Category: Featured

  • Student loans: what counts as expenditure in national accounts

    Student loans: what counts as expenditure in national accounts

    Economic & Fiscal Outlook, Office for Budgetary Responsibility (March 2021), adapted from Tables 3.14 & 3.26

    I have constructed the table above from forecasts for Total Managed Expenditure and Financial Transactions taken from the Office for Budgetary Responsibility’s latest publication (it accompanied Wednesday’s Budget).

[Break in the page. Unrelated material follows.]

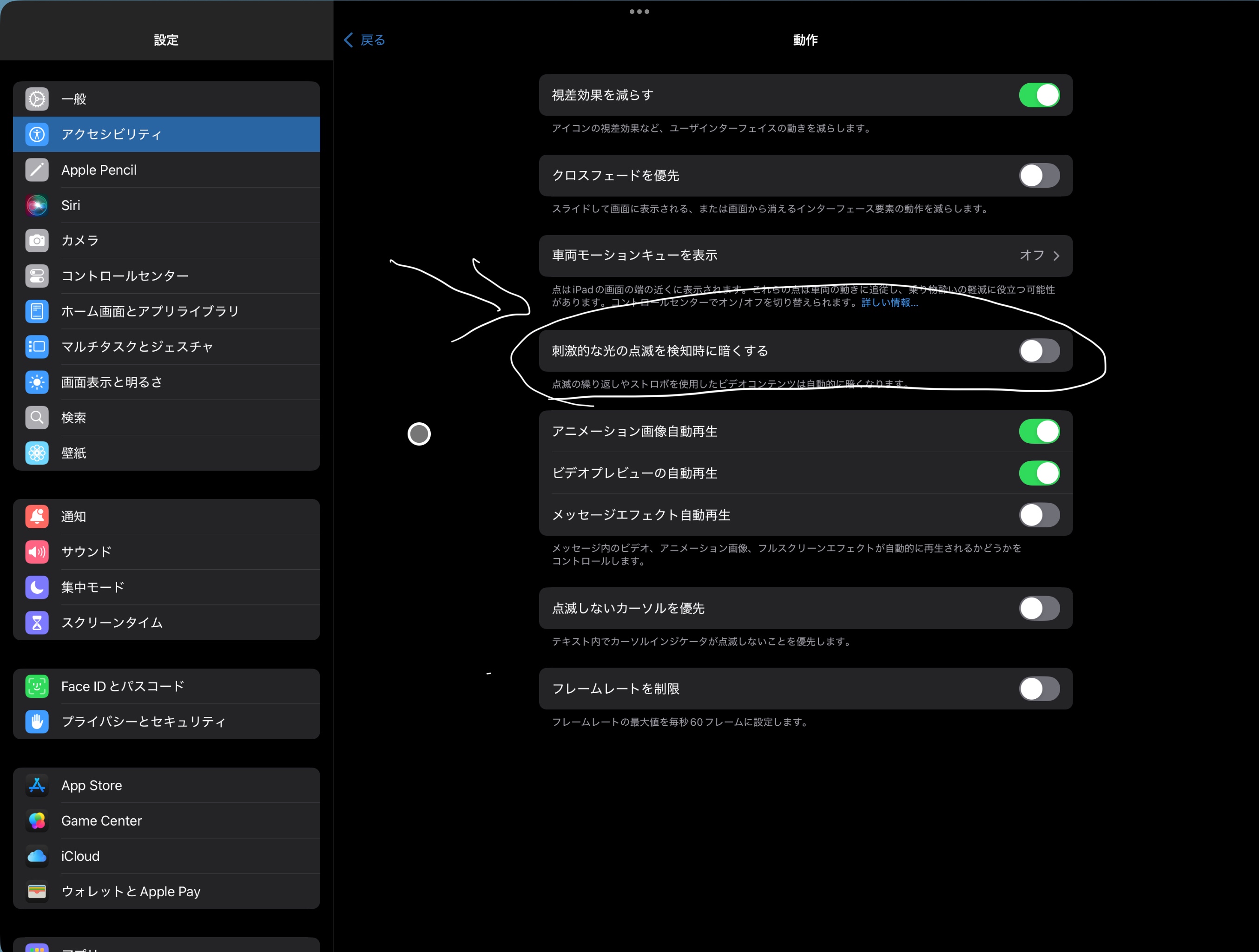 以下の「刺激的な光の点減を検知時に暗くする」がオンになっていませんでしょうか?

    It shows how newly issued student loans are now split into two components for the purposes of presentation in the National Accounts. The portion of loans that are expected to be repaid are classed as “financial transactions”, while the portion expected to be written off is recorded as capital expenditure. The latter scores in “public sector investment”, which was adopted as a new fiscal target prior to the pandemic (net investment cannot exceed 3% of national income), though the rules are currently under review.

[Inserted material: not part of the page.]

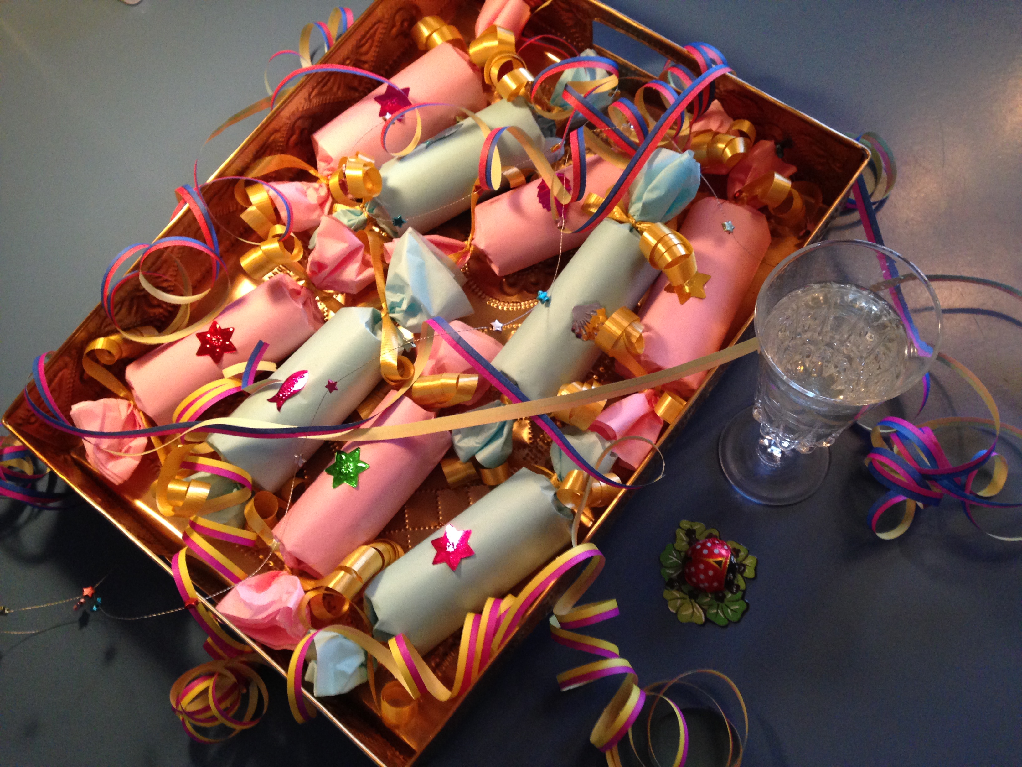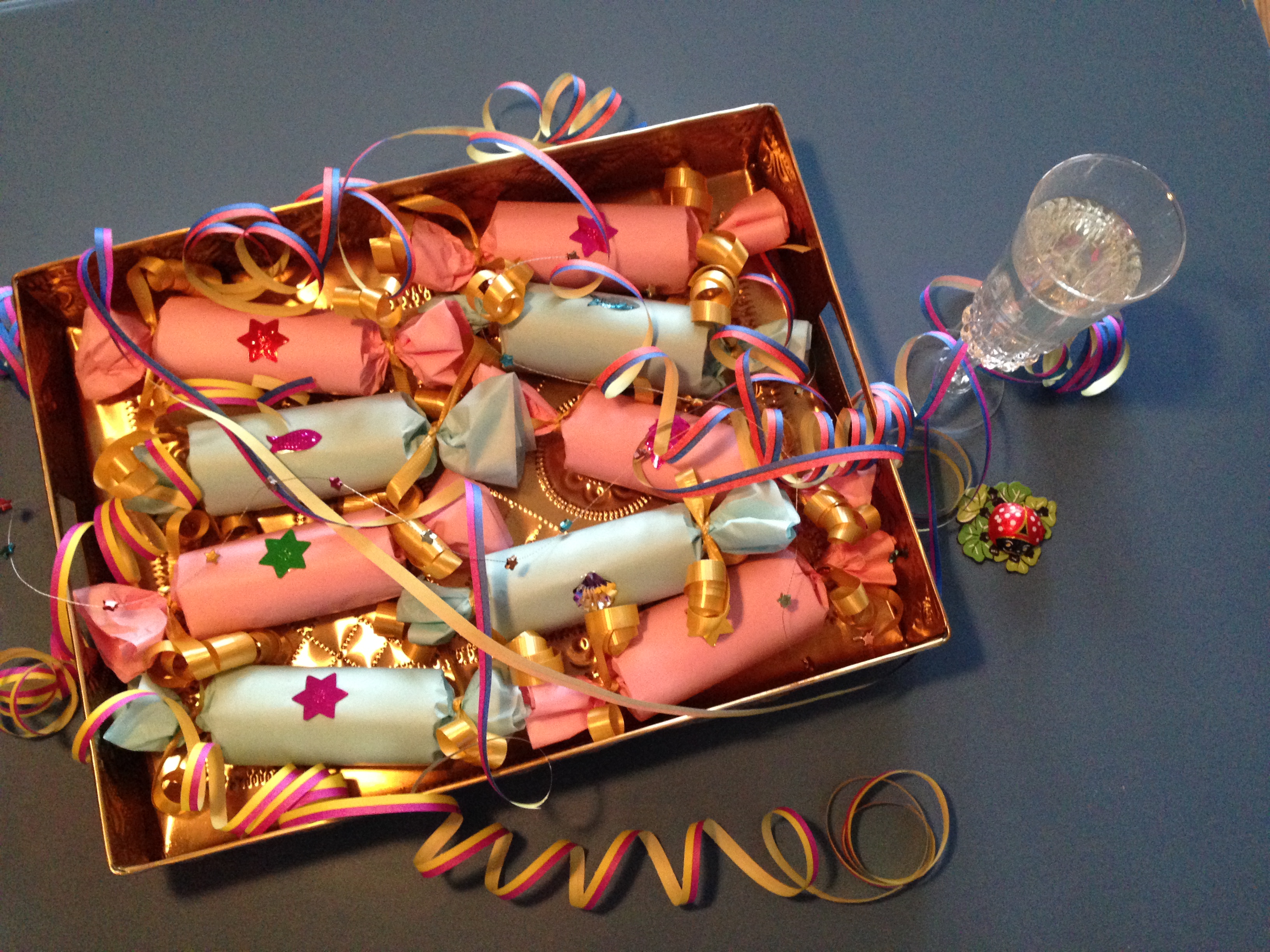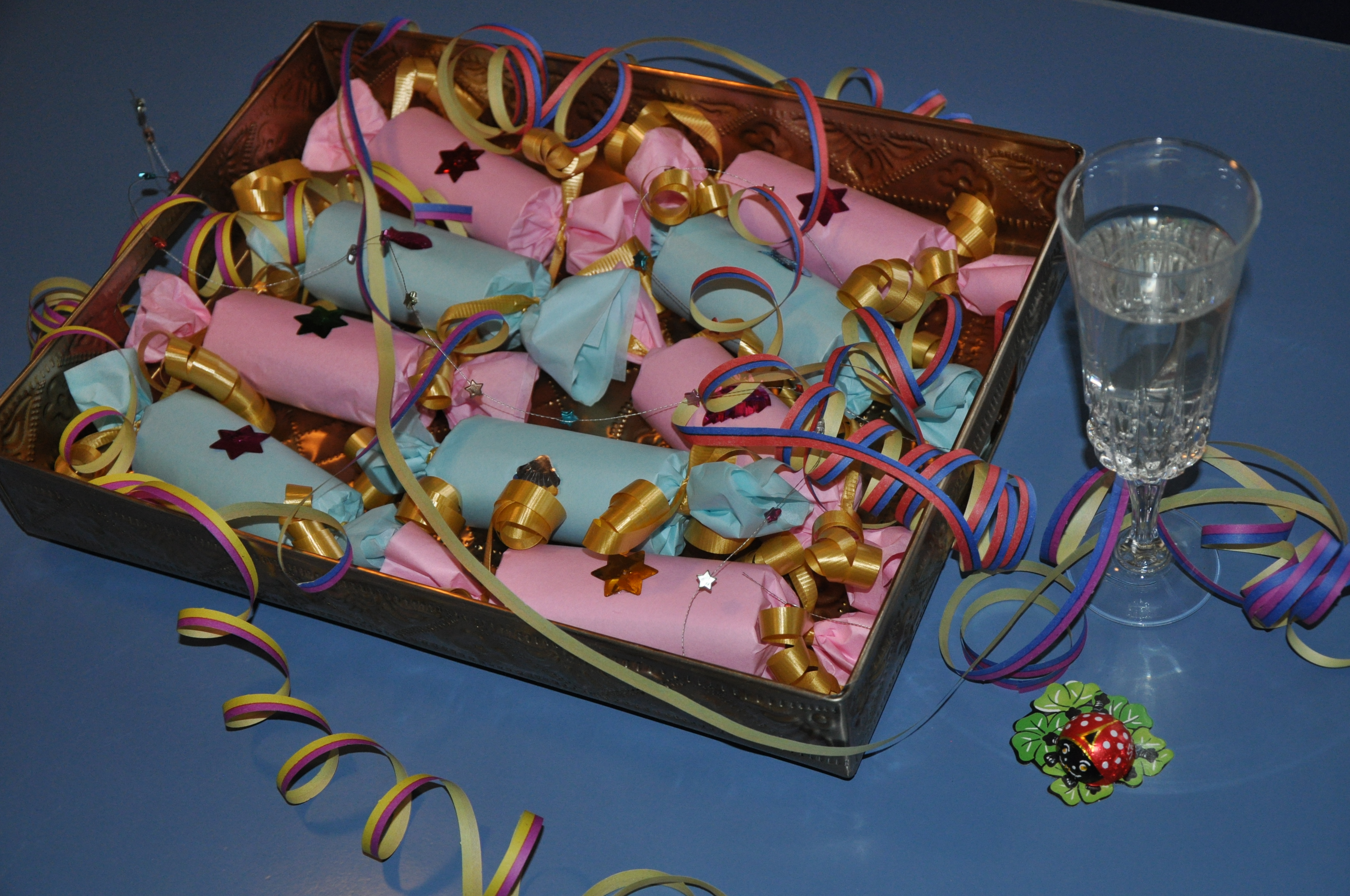 Die Cracker werden dann um Mitternacht verteilt. Zum Öffnen der Cracker an beiden Seiten gleichzeitig anreißen, so dass die Pailetten schön bunt durch den Raum fliegen.

    We can see that student loan outlay is expected to reach £20billion in the year to March 2021, rising to £23.6billion in five years’ time.
    The majority of new outlay is now expected to be written off and that share rises over the forecast period.
    By 2025/26 repayments on all existing loans are projected to re000000000000000ach nearly £5billion per year. (This figure has improved since the sale programme for post-2012 loans was abandoned, since the treasury now gets the receipts that would have gone to private purchasers).

    As mentioned in recent posts on here, the Department for Education only currently has an allocation of £4billion to cover the capital transfer / grant element of new loans and so it has to be granted large additional budgetary supplements each year. This situation has dragged on as the planned spending review has been postponed. We can now expect developments in the Autumn.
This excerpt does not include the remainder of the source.